The Angry Drunk Bureaucrat posts this item about voting irregularities in Iran:
"Amid increasingly violent protests in Tehran, reports are coming out of Iran's southern Hormozgan Province that thousands of ballots were improperly counted in the presidential battle between right-wing candidate Mahmoud Ahmadinejad and centrist candidate Mir Hossein Mousavi. Early indications are that so-called 'butterfly ballots' in the heavily Jewish province were confusing, causing many elderly voters to cast ballots for Pat Buchanan by mistake.
" 'The ballots were confusing and difficult to read,' said one elderly voter who refused to be named. 'And Pat Buchanan? Is he even Iranian?' "
Eve Picker at Utterly-Opinionated.com has this to say about merging the governments of Pittsburgh and Allegheny County:
"It is shocking that something so necessary simply can't be done. Is it because every politician knows it's a minefield? Is it because every politician knows it will take a decade to accomplish? Is there no one who is selfless enough to lead this effort because it should happen and not shy away from it because they may lose votes?
"The future of our Pittsburgh and its region depends on smart, selfless leaders who will get this done because it is the right thing to do. I want my leaders to tackle difficult things. They aren't leaders if they don't."
Harry Shearer at HuffingtonPost.com applauds New Orleans station WWL-TV for reporting on what appears to be a campaign by the Army Corps of Engineers to discredit critics of its pre- and post-Katrina work in New Orleans.
Mr. Shearer said three independent studies had found corps design and construction mistakes responsible for some 50 levee breaches during Katrina, yet a lot of recent comments on nola.com, a popular New Orleans Web site, have denigrated critics of the corps. WWL-TV looked into it and discovered that 700 comments had come from corps computers. Most of them, a former nola.com editor noted, mirrored corps news releases.
Mr.

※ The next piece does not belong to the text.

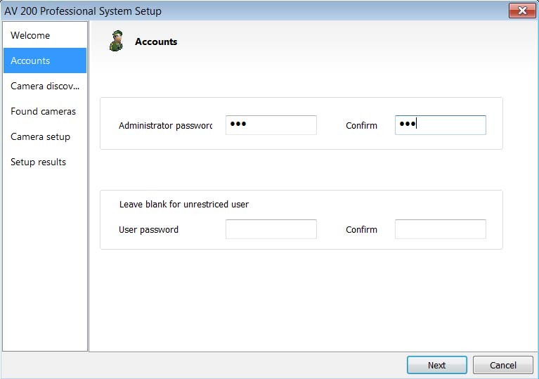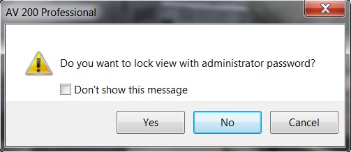 Passwords can be changed and set for the Administrator and User accounts. There are only two security levels in the AV200 software:

Shearer thinks corps employees should spend more time fixing New Orleans and less time distributing propaganda.
Pridepress.com lays into President Barack Obama for doing nothing to advance gay rights (such as working to repeal the Defense of Marriage Act or ending the don't ask/don't tell policy in the military):
"I have simmered, stewed, and am about to explode! ... I was an ardent Hillary supporter specifically because I did not trust Obama on issues of gay equality. ... Seems to me that he thinks he is smarter than the gays in America. He has mistakenly lumped us into the category of Americans [who] don't pay attention. He has forgotten that we heard him with our own ears promise equality."
The Weekly Standard calls Democratic health-care proposals "a liberal wish list ... that would limit patient choices, ration care and bankrupt the treasury." When "Obamacare" is defeated, the Standard says, the victory "could mark the beginning of a new center-right coalition to restrain the grossly excessive ambitions of the administration."
From Chad Hermann at post-gazette.com's Radical Middle blog: "These are wonderful times to be a hockey fan in Pittsburgh. And this is a wonderful team of fine young players and, by all accounts, even finer young men who have earned, and so deserve, every last ounce of this city's abundant, if occasionally misdirected, sporting passion.
"... In our house, Penguins hockey is part sport, part religion; it's shared family values and blessed family tradition. And today, it feels like a benediction -- not just for the game and the series and the season, but for the way that all of those things made us glorious memories to last a lifetime."
At Reason.com, Jesse Walker questions commentators who've linked the killing of abortion doctor George Tiller and the murder of Stephen Tyrone Johns at the Holocaust museum to conservative talk-show hyperbole:
"When mainstream columnists treat a small group of unconnected crimes as a "pattern" of "rising right-wing violence," their thesis bears more than a little resemblance to the conspiracy theories of the fringe figures they oppose.